### Task requirements
With pictures excluded, copy word for word the lines in the data below from the line containing "В зале заседаний съезда" through the line containing "O levantamento traz".

### Working data
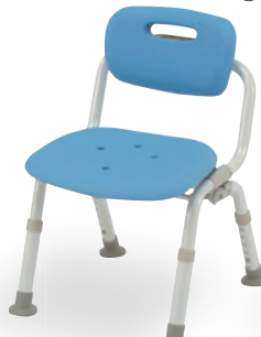
⑨ コンパクトおりたたみN
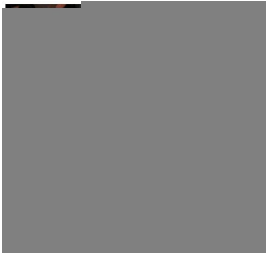
与会者认真聆听和记录

近年来，我国恶性肿瘤发病率居高不下，约五成恶性肿瘤患者最终会发生肿瘤的骨转移。戴尅戎院士提醒骨科医生，面对已转移的恶性肿瘤患者，不宜一律放弃，应考虑为其保留尽可能多的功能，延长其有效生命。而治疗转移骨肿瘤的手段不仅仅是手术，需坚持综合治疗，其治疗价值还会继续提高。同时，对肿瘤骨转移的机制、预防和治疗需要基础与临床研究的结合与转化。
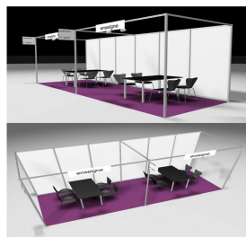
展台图片仅供参考,以实物为准。
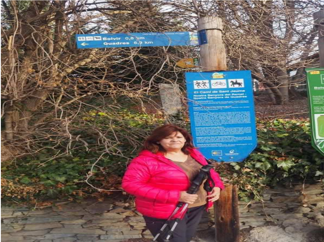
Un tram del camí a la zona de la Cerdanya.
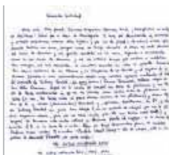
► La UDP adquirió cartas de Bolaño.
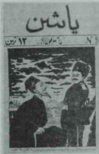
“Яшен” журналынын тышлыгы.

Беренче рус революциясеннән соң йөз ел үткәч, социализм жирлегендә шытып чыккан, бүгенгәчә исән-имин яшап калган сатирик журналыбыз һаман да шул бер “Чаян” дәфтәре генә. Анын каравы, сатира һәм юмор һәр тарафка таралды, коммунистлардан калган башка матбагаларнын хәтта беренче битенә (!) үк үтеп керде. Әйе, цензура бүген бөтенләй үк бетте кебек, ләкин социалистик диктатура үзенен варислары итеп һәр редакция саен өлкән пенсионерларын калдырды. Алар
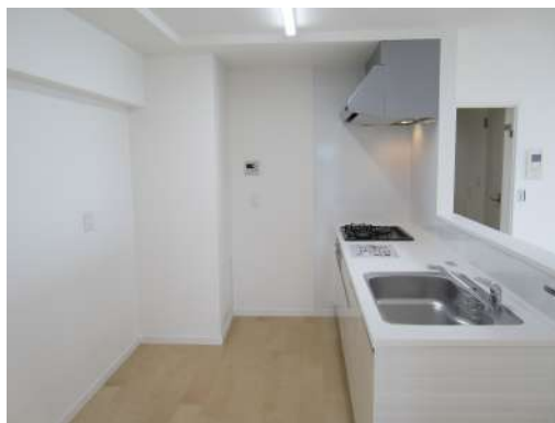
[専用部・室内写真][キッチン]
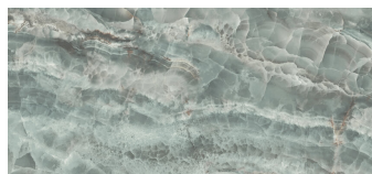
SAPHIRE JADE PULIDO XL2612GRP
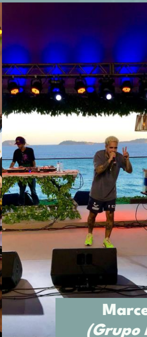
Marcelo D2 (Grupo ENEVA)
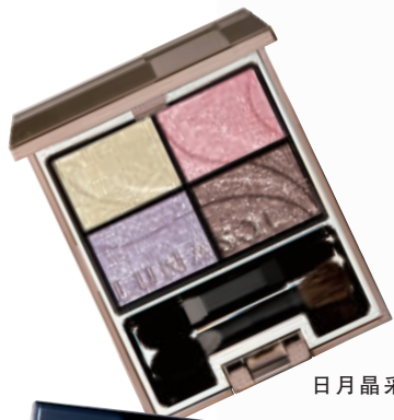
日月晶采 漾境眼影
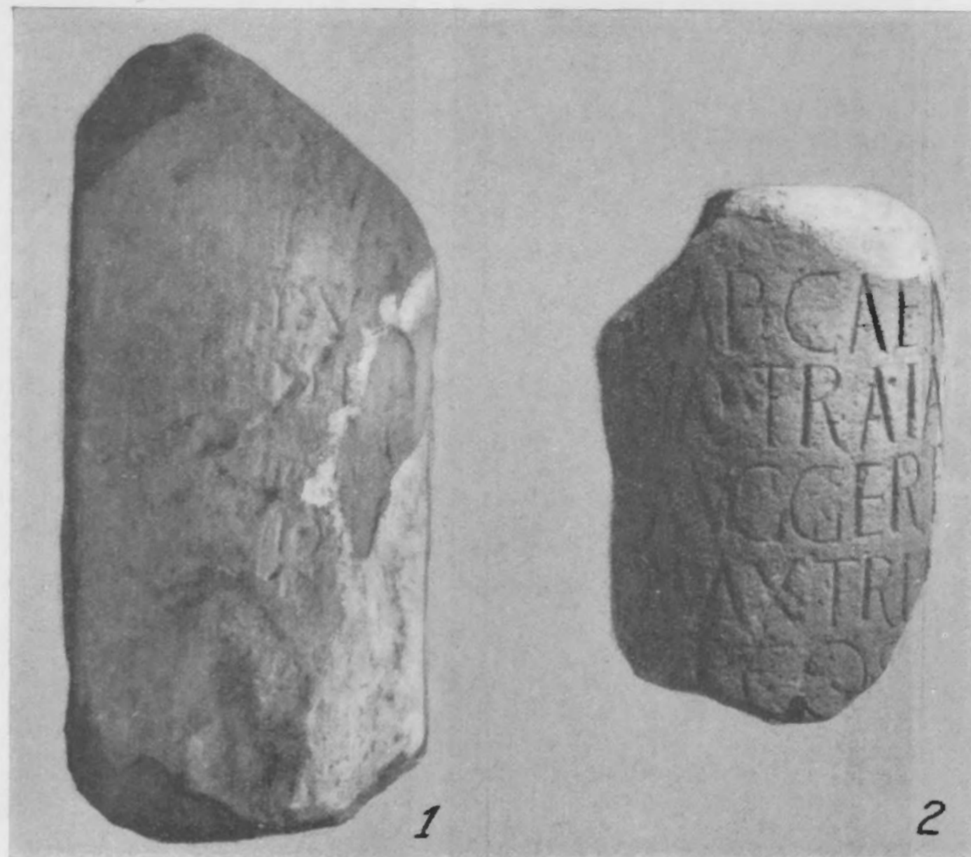
Afb. 9. De beide mijlpalen uit Nijmegen, C.I.L. XIII 9164 en 9162.
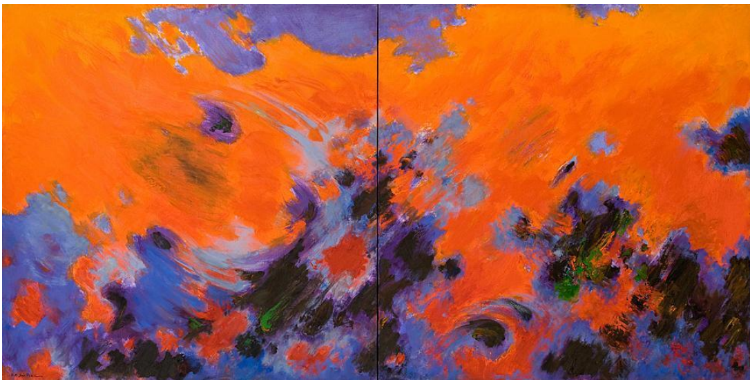
Le Grand incendie, huile sur toile, dyptique, 260,5x130, 1977, Musée Fabre

Dossier Pédagogique (Service éducatif, I.SOBCZAK, A.ROLLAND)
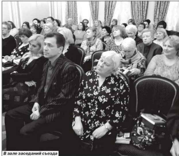
В зале заседаний съезда
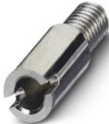
Female test connector, Color: silver

Please be informed that the data shown in this PDF Document is generated from our Online Catalog. Please find the complete data in the user's documentation. Our General Terms of Use for Downloads are valid ( http://download.phoenixcontact.com )
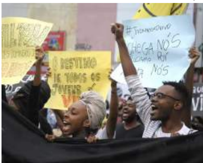
Maioria das vítimas era negra, homem e tinha de 15 a 19 anos

O levantamento traz dados de registros criminais como homicídio doloso (quando há intenção de matar), feminicídio, latrocínio (roubo seguido de morte), lesão corporal
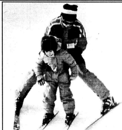
В первый раз с тренером...
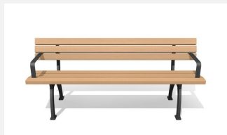
MO.09.01.HA Banc Bit avec accoudoirs
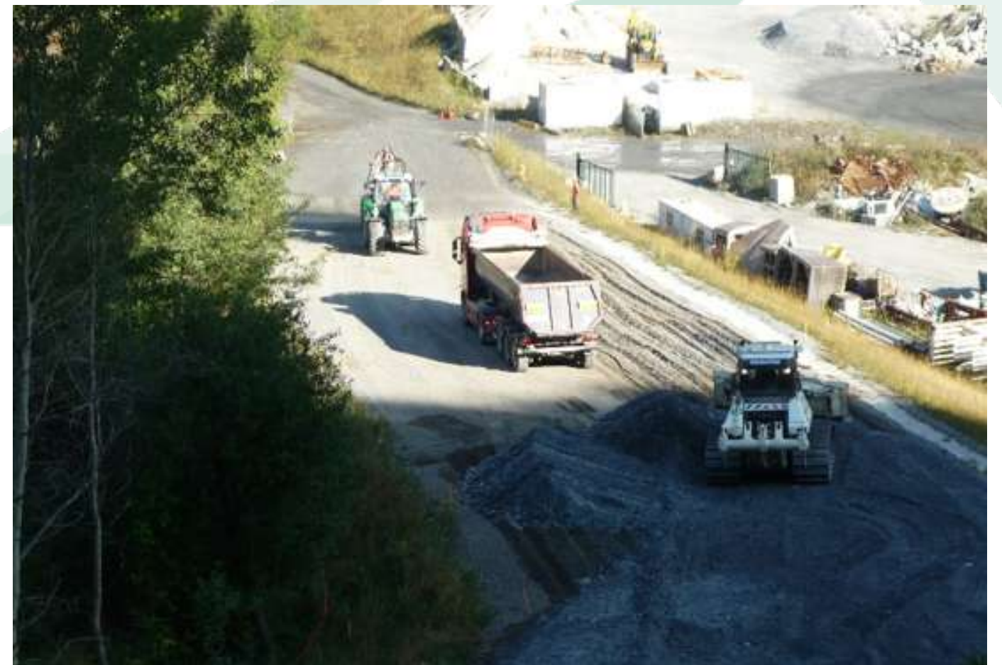
Travaux de terrassement de la section courante de la piste avec arrosage
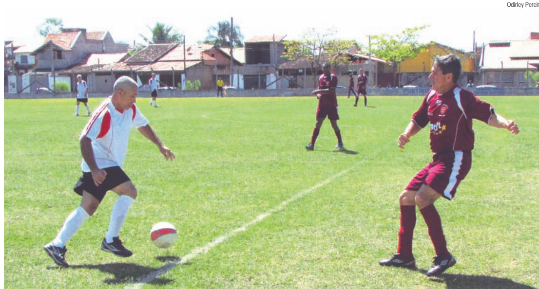
Lateral Carioca (Imperial) avança para cima dos adversários pela esquerda

No segundo tempo, o Independente foi para cima e abriu espaço para o contra-ataque. Djavan e Tiganá tiveram várias chances, mas
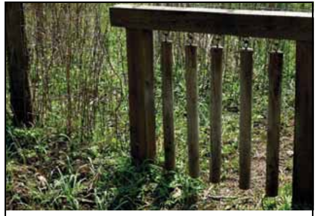
Notlösung: „Pendeltor“ für Kulturschutz-Zaun
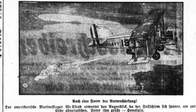
Die amerikanische Marineflieger... Die amerikanische Marineflieger...
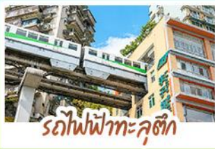
รถไฟฟ้าทะเลสาบซีจื่อ

ชมธรรมชาติ ณ อุทยานแห่งชาติผิงโกว ชมหมู่บ้านสุดอลังการระดับมรดกโลก นั่งรถไฟฟ้าทะเลสาบซีจื่อป้า สัญลักษณ์เมืองฉางชุนสุดล้ำ สัมผัสวิถีภูเขาหิมะแห่ง ภูเขาซีดรุณี งดงามจนได้รับฉายา "เทือกเขาแอลป์แห่งตะวันออก" ชมธรรมชาติสุดฟิน ณ อุทยานปีผิงโกว • ช้อปปิ้งจุใจ ถนนคนเดินไท่กู่หลี่, ถนนคนเดินซุนซีลู่
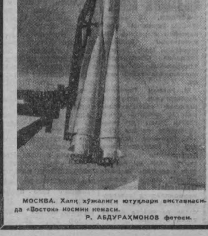
МОСКВА. Ҳақиқатини ютуқлари виставкасининг «Восток» номини немаси.
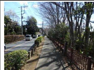
左岸の緑道(菖屋橋付近)
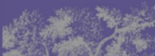
Table Ronde Intelligence

Cahiers du Cercle Nicolas Andry : philosophie, épistémologie, art, chirurgie. n° 14, Intelligence artificielle. Mémoires et souvenirs : les orthopédistes célèbres
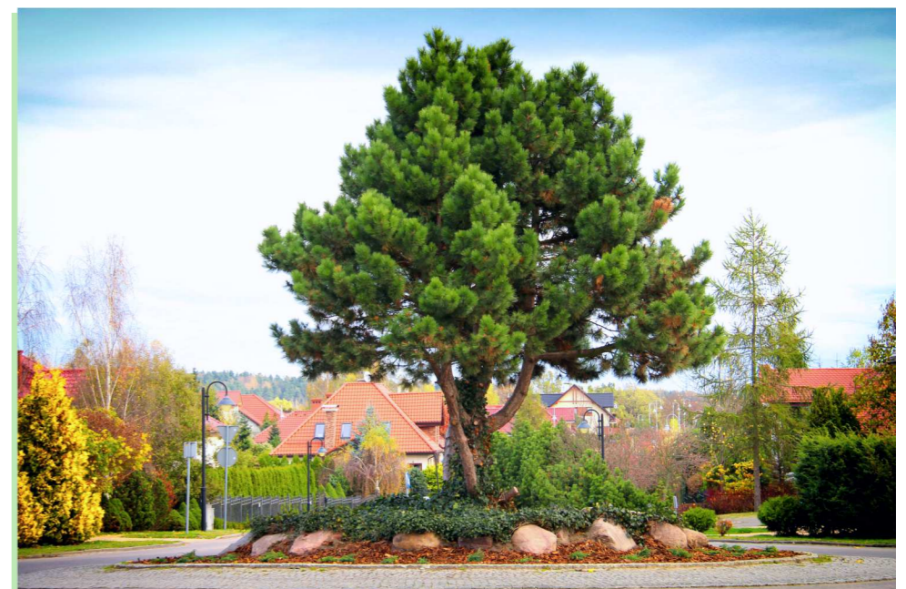
Jałowce utworzą szaroniebieski „dywan” wokół drzewa na rondzie w pasie drogowym ul. Saturna w Straszynie.
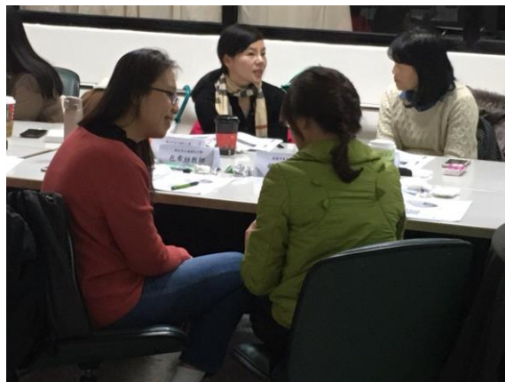
學員兩兩一組進行「傾聽」的演練
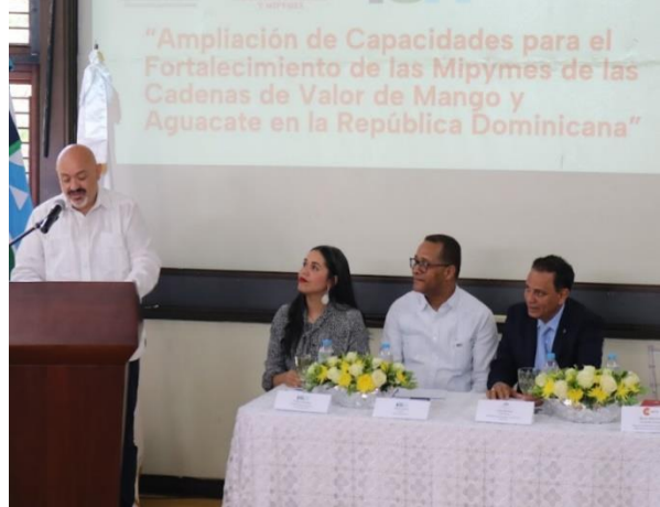
Participantes en el evento de lanzamiento del proyecto. Realizado el 20 de marzo de 2024, en horario de 10:00 a.m., en la Universidad ISA en Santiago.
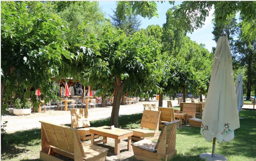
Crédit : Espace détente ombragée avec salon de jardin (Camping La Plage)
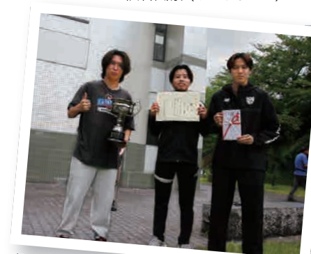
▲ サッカー第1ブロック優勝(クレイスティージャ成城)
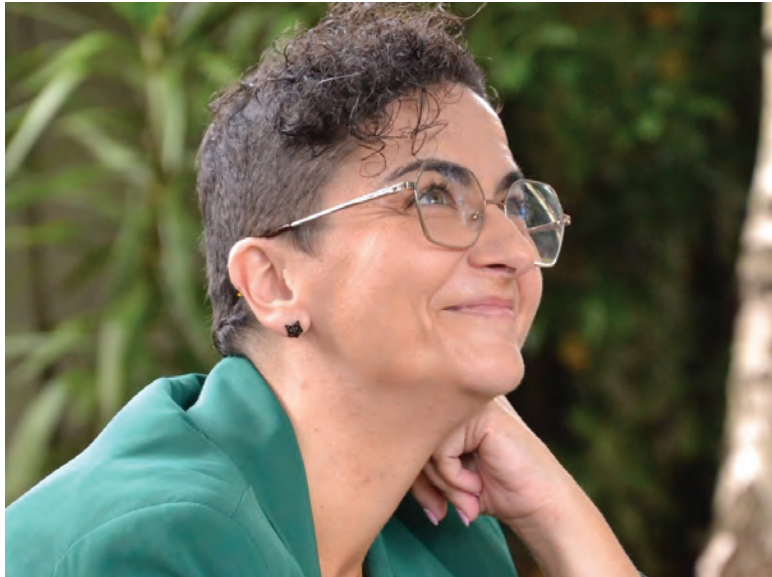
APRESENTAÇÃO ESTÁ MARCADA PARA 6 DE DEZEMBRO
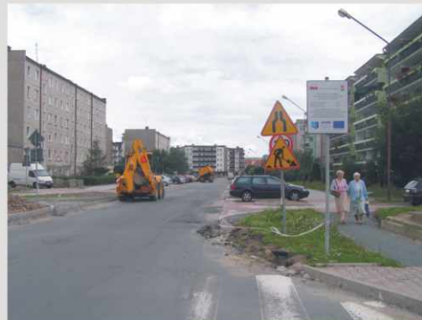
Modernizacja ulic Kiepury i Noskowskiego ma też poprawić komunikację osiedla Zabobrze ze skrzyżowaniem z główną ulicą w mieście - Jana Pawła II (ciąg drogi krajowej nr 3)

Projekt Legnicy ma nie tylko poprawić standard linii
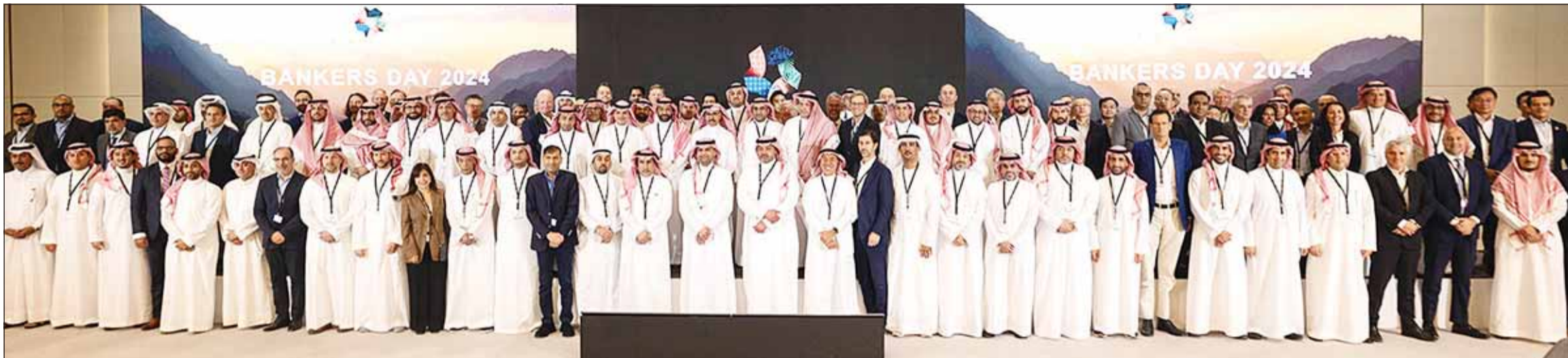
صورة جماعية لقيادات المصارف الإقليمية والعالمية

□ نؤكد تعزيز تواجدنا الإقليمي والاستفادة من خبرتنا لاقتناص الفرص بالسوق السعودي
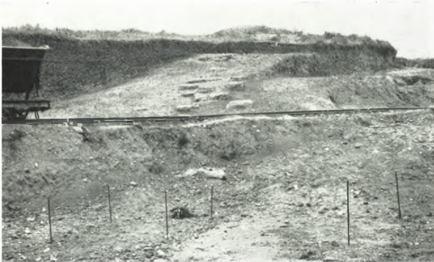
α. Λείψανα τῶν λιθίνων βαθμίδων τοῦ δυτικοῦ τμήματος τοῦ κοίλου τοῦ θεάτρου τῆς Ἡλίδος.
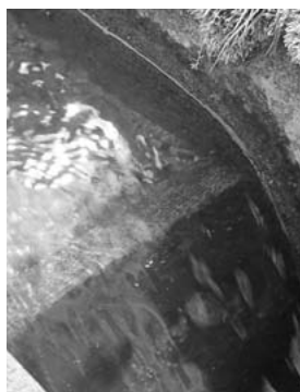
砂がたまるように工夫している
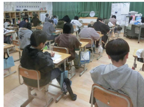
【県学習状況調査に真剣に取り組む6年生】

それぞれの学年の子どもたちは、難しい問題でも諦めずに粘り強く取り組んでいました。結果が届きましたら、子どもたちが苦手としている部分を復習したり、授業改善に役立てたりしていきます。今年度の復習をしっかりとやって、進級・進学できるようにがんばっていきます。結果は、後ほどお知らせします。
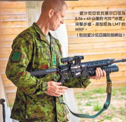
愛沙尼亞官兵展示口徑為5.56×45公厘的R20「冰雷」突擊步槍，原型即為LMT的MRP。

LMT製造的AR系列突擊步槍由於「物美價廉」，除生產軍規零組件獲美軍採用，成槍近年也被英國、紐西蘭等多國軍警採用。
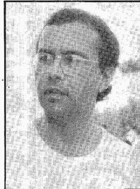
Orlando Carriello despontou como líder estudantil de esquerda. Hoje, é o presidente do PT em Brasília
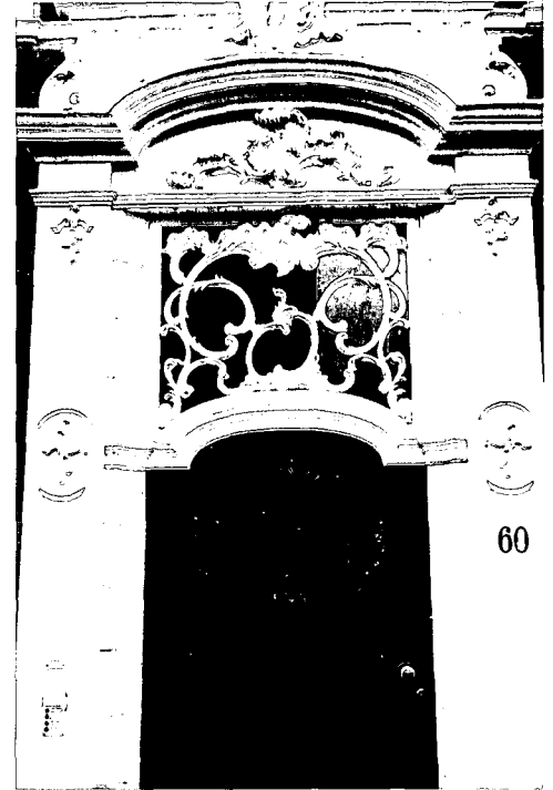
Een nieuw ontworpen snijraam (1973) in een gevel in Haarlem.

Vanaf de 17de eeuw kenmerken de Nederlandse huizen zich meer en meer door een bijna overmatig gebruik van glas in de gevel. In al die ramen de zo bekoorlijke roede-verdeling, de houten kozijnen, de deuren eronder, de verf: donker groen, helder wit, bentheimer.... Geen wonder dat er uit dit geheel een traditie ontstond, een behoefte, om boven de deur op
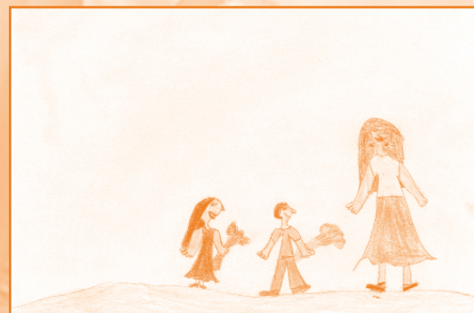
Kalmár Réka, 7 és fél éves
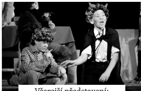
Včerejší představení: Taneček přes dvě pekla
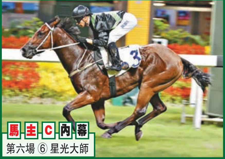
馬主C內幕第六場 ⑥ 星光大師

第六場、第三班、一二〇〇米。「星光大師」五歲當紫短途之輩，季初評六十一分即在谷草千二跑入第三，可惜打後多戰此程皆與頭馬無緣，直到上仗續

### Written reply
В зале заседаний съезда
Female test connector, Color: silver

Please be informed that the data shown in this PDF Document is generated from our Online Catalog. Please find the complete data in the user's documentation. Our General Terms of Use for Downloads are valid ( http://download.phoenixcontact.com )
Maioria das vítimas era negra, homem e tinha de 15 a 19 anos

O levantamento traz dados de registros criminais como homicídio doloso (quando há intenção de matar), feminicídio, latrocínio (roubo seguido de morte), lesão corporal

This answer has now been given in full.